The following problem was motivated by the calculation of the dimension of a particular finite dimensional algebra. Fix a positive integer $n$, and consider an $n \times n$ grid of squares. In the outer layer of squares, place a $1$ in each square; in the second-to-outer layer place a $2$ in each square; and so on. For example, when $n=5$ the grid of squares looks like:
1 1 1 1 1
1 2 2 2 1
1 2 3 2 1
1 2 2 2 1
1 1 1 1 1
It is not difficult to show that the sum of the elements in such a square is given by $\binom{n+2}{3}$. However, the presence of a binomial coefficient leads me to wonder if there is a combinatorial reason/proof for this fact, or at least a method which doesn't resort to simply summing the elements.

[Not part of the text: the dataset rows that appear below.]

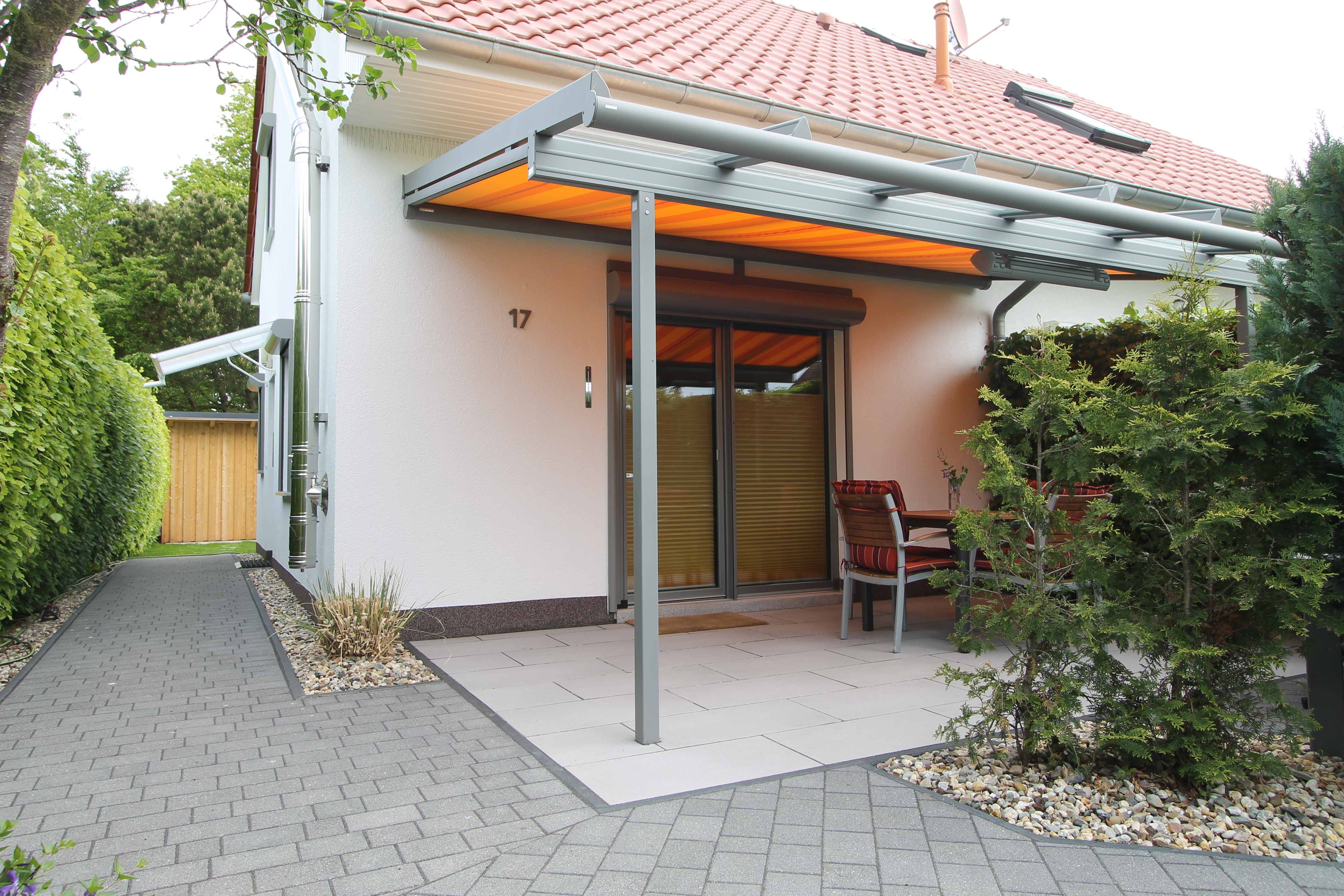 Terrasse mit Glas-Terrassendach und el. Markise, Terrassenmöbel, Liegestuhl, Elektrogrill |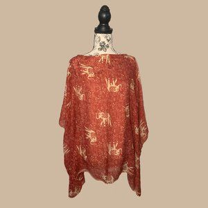 This "The Devine Depot" top is a flowy and sheer top. It's extremely comfortable are easy to throw on top add a pop of design and color to any outfit. It is red with tan elephants distributed throughout. EUC.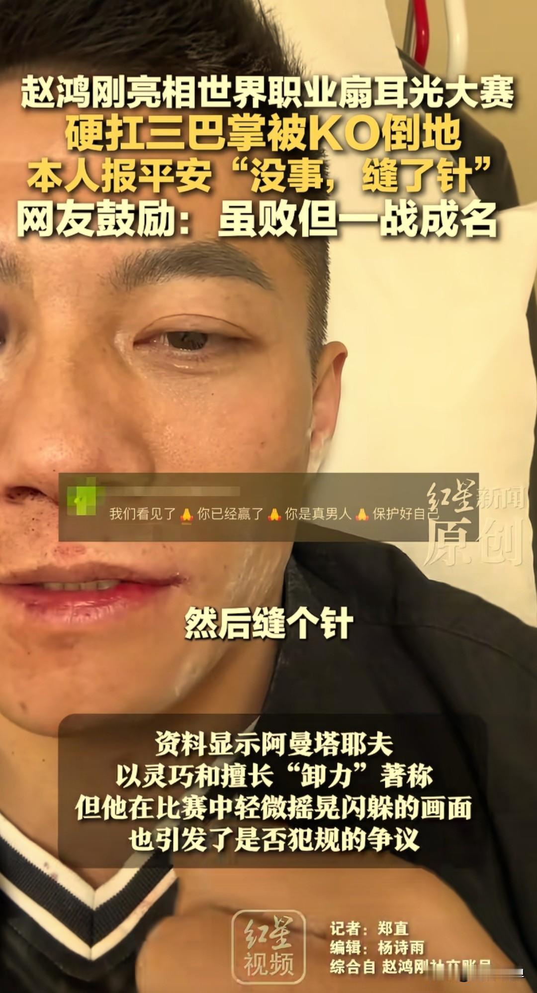 世界职业扇耳光大赛看起来真的是太残暴了,通背拳传人赵洪刚也强撑三轮被KO了,赛后赵洪刚发了视频报平安,说现在没啥事,缝个针就好。 比赛时间2025年11月1日,赵洪刚此次的对手是哈萨克斯坦选手阿曼塔耶夫,第一回合赵洪刚就被左眼眉骨打出血,脸颊红肿。 第二回合赵洪刚伤势加重,眉骨血流不止,左眼完全肿了起来,击打对手也未能给对方造成实质性伤害。 第三回合对手改用左手击打赵洪刚右脸,赵洪刚被直接KO晕倒在地,裁判随即终止比赛。 尽管此次输掉了比赛,也是代表中国选手在该项世界赛事中亮相,第一次尝试,赵洪刚在赛场上表现出的意志力也值得被尊重。 外国耳光大赛 扇巴掌挑战赛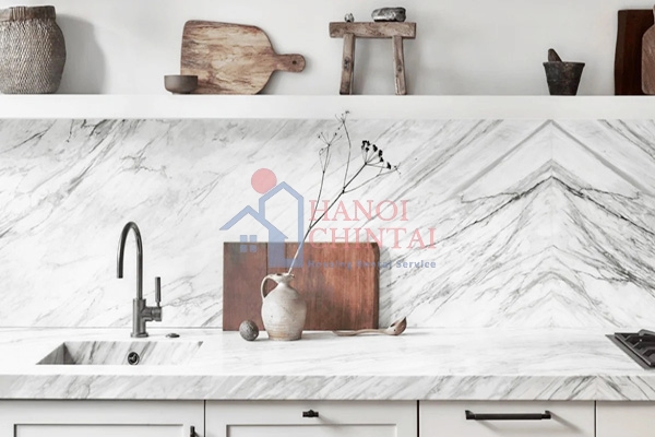 1. Vật liệu ốp tường bếp đá marble (đá cẩm thạch)
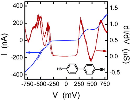 Figure 5 I-V curve and dI/dV-V of a biphenyldithiol device measured at 4.2 K.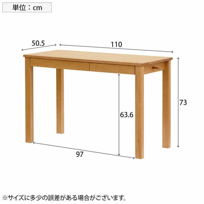| サイズ | 外寸 / 幅1100×奥行505×高さ730mm 引き出し内寸(左) / 幅506×奥行371×高さ45mm 引き出し内寸(右) / 幅338×奥行371×高さ45mm 引き出し底板厚み / 5.5mm |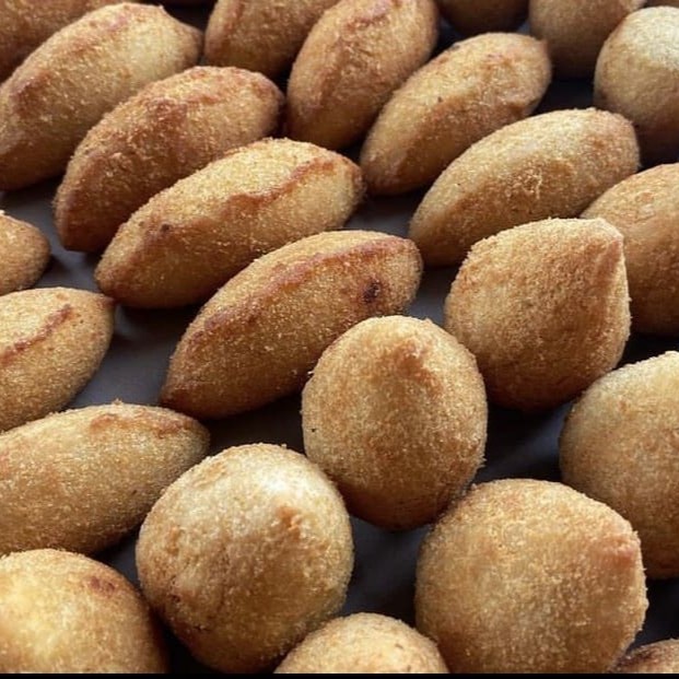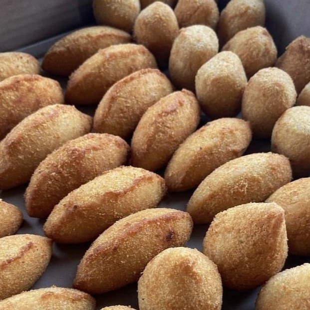10 Unidades de risoles de presunto e queijo. Peso unitário de 37 Gramas.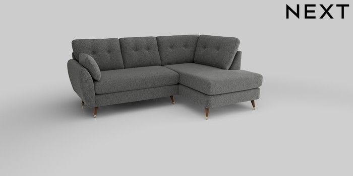 6.12.1 Buy Wilson Buttoned Back Medium Corner Chaise - Right Hand Chunky Chenille Dark Grey Low Retro Tapered Metal Cap - Mid from the Next UK online shop Click here to use our accessible website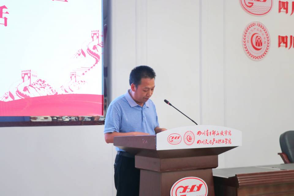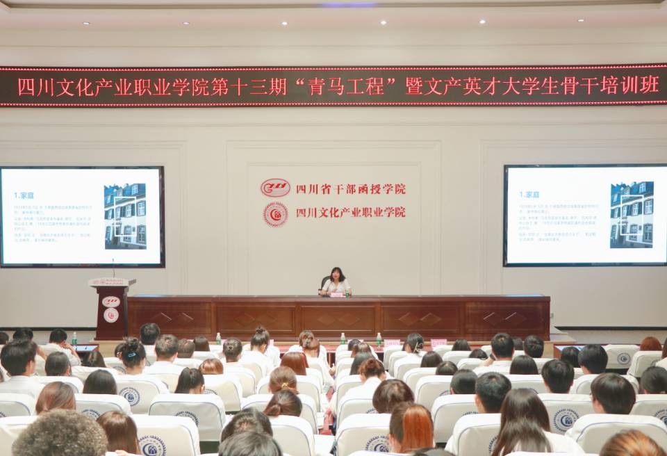 6月18日下午13时,四川文化产业职业学院第十三期“青马工程”暨文产英才大学生骨干培训班开班仪式在二教105多功能厅举行。学校党委委员、副院长肖必恒出席活动。开班仪式由校团委书记兰楠主持。马克思主义学院党总支副书记马吉宏,各二级学院分团委负责人,校团委全体老师,以及全体青马学员160余人参加了此次开班仪式。

Let the number in cell counts the # of bricks stacked on that cell. Assume $n$ is odd. Then the lowest layer has $n^2$ bricks, the second lowest layer has $(n-2)^2$ bricks, $\cdots$, and the highest layer has $1$ brick. Therefore, the total number of bricks, or say, the sum of all numbers, is $$ 1^2 + 3^2 + \cdots + (n-2)^2 + n^2 = {n + 2\choose 3} $$ The case for even $n$ is similar.